Collins so loved being an administrator that with Ed’s encouragement she ran successfully for a board seat in the Kensington (Calif.) Community Service District, a kind of township trustee position. In her second successful year in office, Ed was invited to become the first executive director of the American Association of Medical Society Executives, headquartered in Chicago. He accepted and moved the family to Deerfield in 1977.
In 1981, Ed became executive director of the American Economic Development Council, which helps economic and industrial developers lure industry into communities. First task: Move the group from Kansas City, Mo., to Schiller Park.
With no staff, he enlisted Dorothy’s help in unpacking boxes and setting up a four-office suite and started conducting interviews for a staff.
Dorothy quietly suggested that the time had come for her husband and/or the American Economic Development Council board of directors to hire her or replace her with one or more paid employees. They hired her.
On this job she branched out and managed two subsidiary associations. In 1987 she was recruited by Altrusa International, a large, multinational women’s service association, to be its executive director. She worked there for a year and a half but already was beginning to think about starting her own business and working with smaller associations-an undertaking she launched in 1989.
Her first client was the Mid-America Economic Development Council, with which she had had contact during her time with the American Economic Development Council.
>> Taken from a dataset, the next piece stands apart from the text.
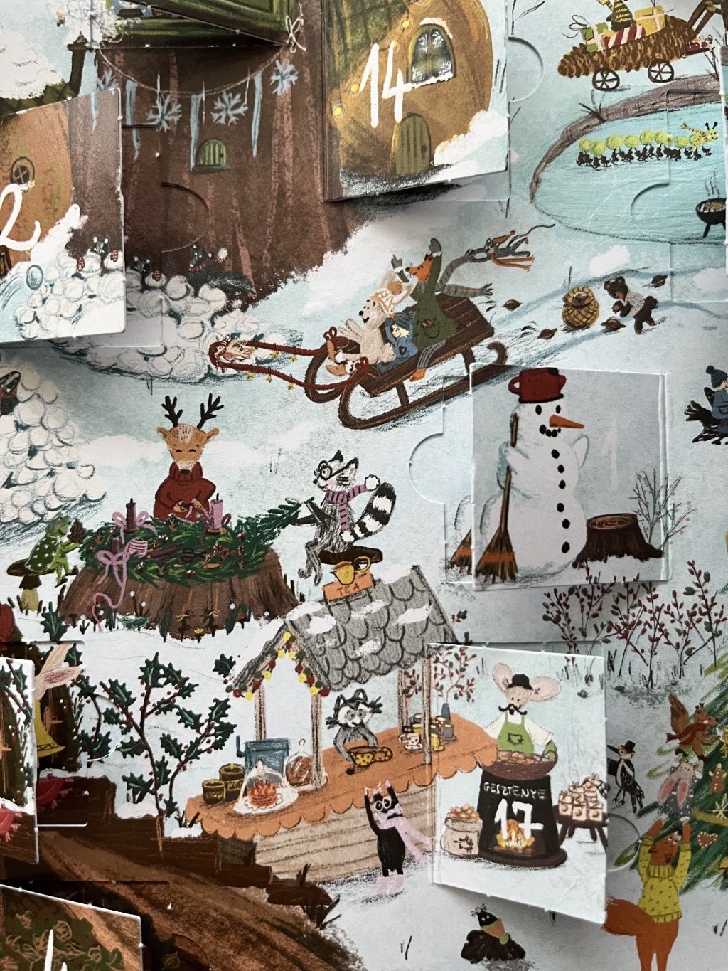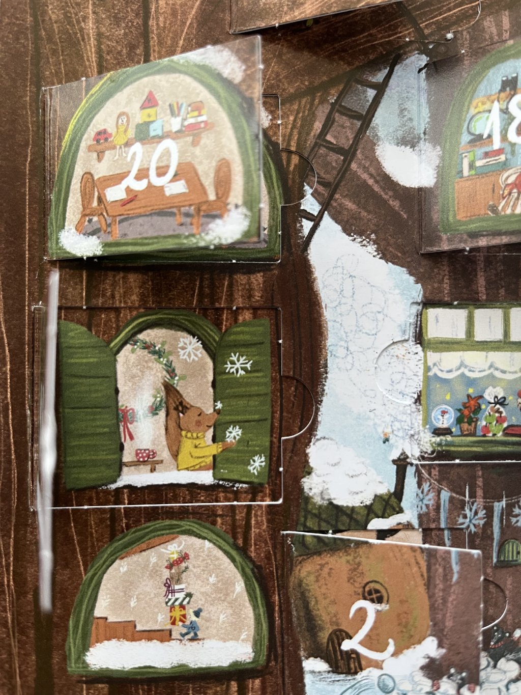 Minden ablak mögött egy új, mesés pillanatot: az ünnepre készülődő mókusokat, mézeskalácsot sütő egérkéket, huncut nyuszit…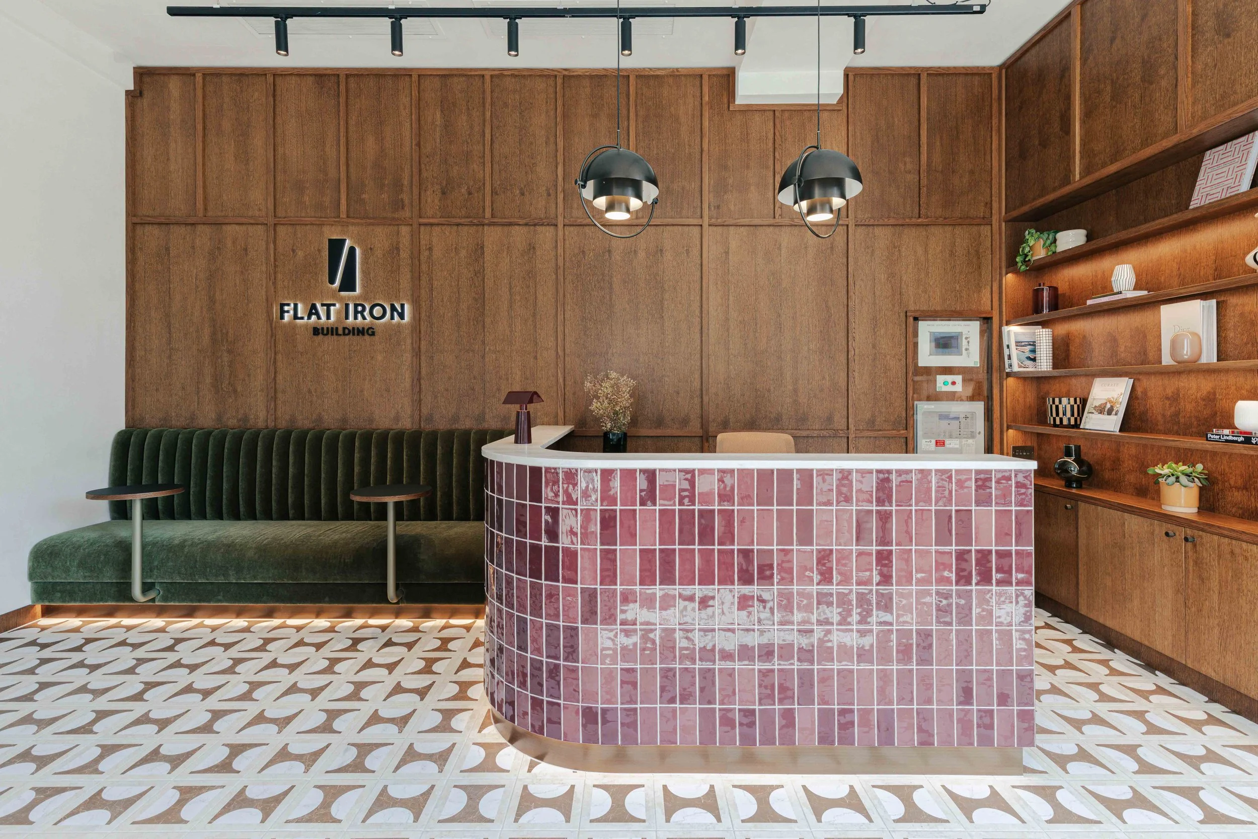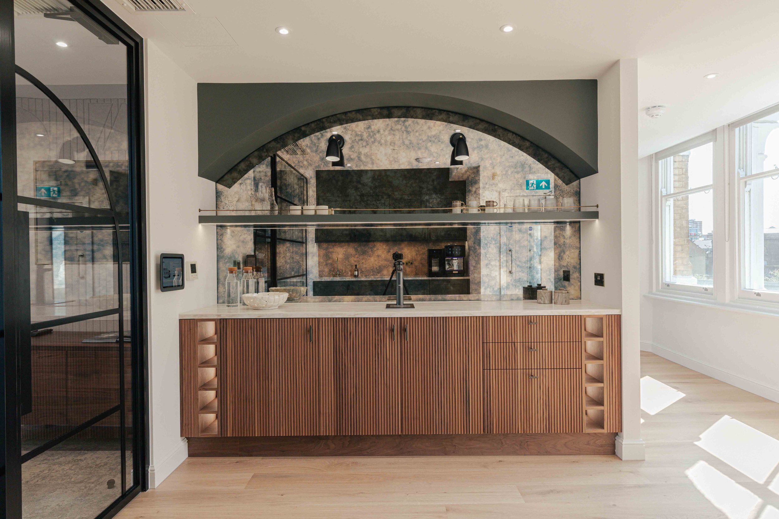 Located at 44–46 Southwark Street, the building sits at the crossroads of Borough Market, Bankside, and London Bridge, an area known for its cultural vibrancy, creativity, and rich material palette. This context played a central role in shaping the design. The warmth of the timber panelling, the handcrafted feel of the bespoke tiles, and the inviting, hospitality-led atmosphere all draw inspiration from Southwark’s blend of heritage and modernity. The result is a reception and tenant lounge that feels rooted in its surroundings, echoing the texture, energy, and character that define the neighbourhood.

From there the other clients started coming along.
Four of her current clients are economic development groups, and the fifth, the Business Vocation Conference, is a foundation.
“I think she’s doing a great job with her business,” Ed said. “I think there’s a lot of potential for success. I’m very proud to play a small part of its development.”
So what is the secret to it all?
Collins explained it: “Once you have a system, it’s exactly like building a house. You put down a good foundation, and there’s no place to go but up.”